Time
In thinking about ‘now’ there is a temptation to regard it as a point or line dividing the past from the future. Trying to grasp the ‘now’ seems to be impossible because the very act of doing this is temporal – one is moving out of the ‘now’ as one does it, into a new ‘now’ which is in fact in the future of the ‘now’ one is trying to grasp, thus rendering that ‘now’ something past. On the other hand, giving ‘now’ sufficient duration to make it graspable, such that it is neither past nor future – the ‘specious present’ (an idea developed by E. R. Clay [E. R. Kelley] and William James) seems to introduce the idea that events perceived ‘now’ are both simultaneous qua belonging to ‘now’ and successive qua being events (i.e. qua occurrences in time) – an apparent paradox. But is it?
An escape from the puzzles here is to regard all time as ‘now’, with past and future as abstractions from it. Thus, ‘now’ is the complex of ‘what is’, conceived as embodying change and motion as its properties, with explanations of change and motion themselves requiring the abstractions of past and future to conceptualise what they consist in, viz. as movements from a past place or condition into a future place or condition – not relative to ‘now’ since they are speciously compresent in the ‘now’ but relative to an abstract point (which may or may not coincide with the ‘now’) from which the future is the future of a past. The experience of ‘now’ might be the experience of a stasis, but equally of change and motion, the dynamics of which are apprehended (grasped, appreciated as change or motion) as a whole.
It is a commonplace of temporal experience that subjective perceptions of the passage of time differ. The same event that pleases one person but bores her companion (an evening at the opera, perhaps) can go like a flash to the former but take excruciatingly long to the latter.[1] To coordinate subjectively different lengths of time to each other, public time is established by reference to regular saliences observable to all – the daily passage of the sun, the monthly phases of the moon. Because measurements based on the sun and moon are approximate and they fluctuate – the length of days varies with the seasons, lunar months do not fit exactly to the solar year– a more accurate system is necessary.[2] Public time is now measured precisely by atomic clocks, one second in SI units defined as the period in which a Caesium-133 atom oscillates.[3]

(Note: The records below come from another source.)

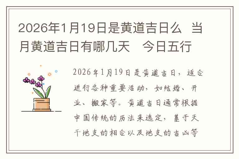2026年1月19日是黄道吉日,适合进行各种重要活动,如结婚、开业、搬家等。黄道吉日通常根据中国传统的历法来选定,基于天干地支的相合以及地支的吉凶等因素,因此每月都有不同的吉日。
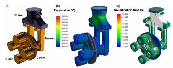 4 改進處理澆制體制的生物學摸具; b t = 2.26 秒低壓鑄造時熔融金屬材質生活的瞬態問題;c t = 252.6 秒的瞬態初凝景色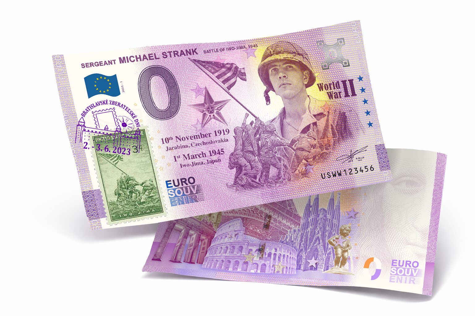 ![<span style="color: #808080;"><small>Euro Souvenir #WD015S2</small></span><br/> <b>MICHAEL STRANK</b> – <strong style="color: #800080;"><small>PEČIATKA/STAMP | "1945"</small></strong> [2023] – Obrázok 2](https://www.wdshop.eu/wp-content/uploads/2023/06/USWW2023-1_PS.jpg)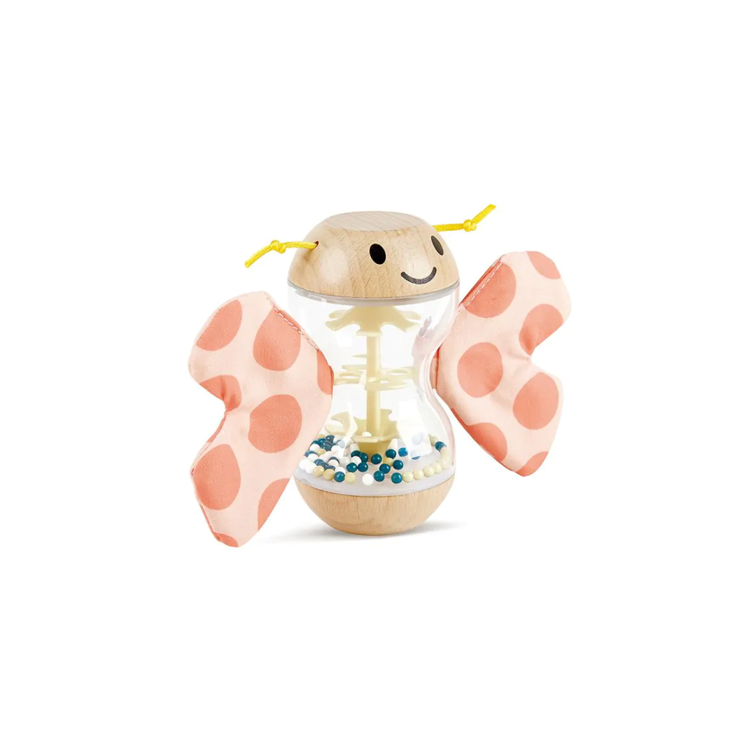 De regenmaker in de vorm van een vlinder zorgt met de langzaam rollende kralen en de regendruppelgeluiden voor een glimlach op het gezicht van je kindje. De regenmaker heeft een eenvoudige grip, waardoor de regenmaker makkelijk in een schuddende en rammelende activiteit te veranderen is. Daarnaast knisperen de vleugels en kunnen deze er ook af gehaald worden.

The prescriptive nature of public time is well exemplified by the history of railway timetables. In Britain the Mean Times of Bristol and Cardiff were respectively 10 minutes and 13 minutes behind Greenwich Mean Time (GMT), so in 1847 the Railway Clearing House adopted GMT as standard for the network; by the mid-1850s almost all public clocks in the kingdom were set to GMT and in 1880 Parliament established GMT as the official national standard. It accordingly became the international benchmark because of the geographical extent of British imperial possessions. This is stipulative public time. But the advance from subjective to public time, however precisely the latter is defined, does not yield ‘objective’ or ‘absolute’ time of the kind assumed by Newton (time as an ‘empty container’ existing independently of events within it). Locke postulated that absolute time is conceived by extrapolating indefinitely forward and backwards from public time, but as the adverb itself implies, this does not yield absolute time (nor, which is different again, infinite time) but only indefinite time – a temporal series without identifiable limits fore or aft.[4] Clarke, in the correspondence with Leibniz, defended the Newtonian conception against Leibniz’s relational view (time as a linear and anisotropic ‘order of successions’).[5] In all these cases the assumption at work is that ‘time’ is a univocal concept susceptible to definition as such.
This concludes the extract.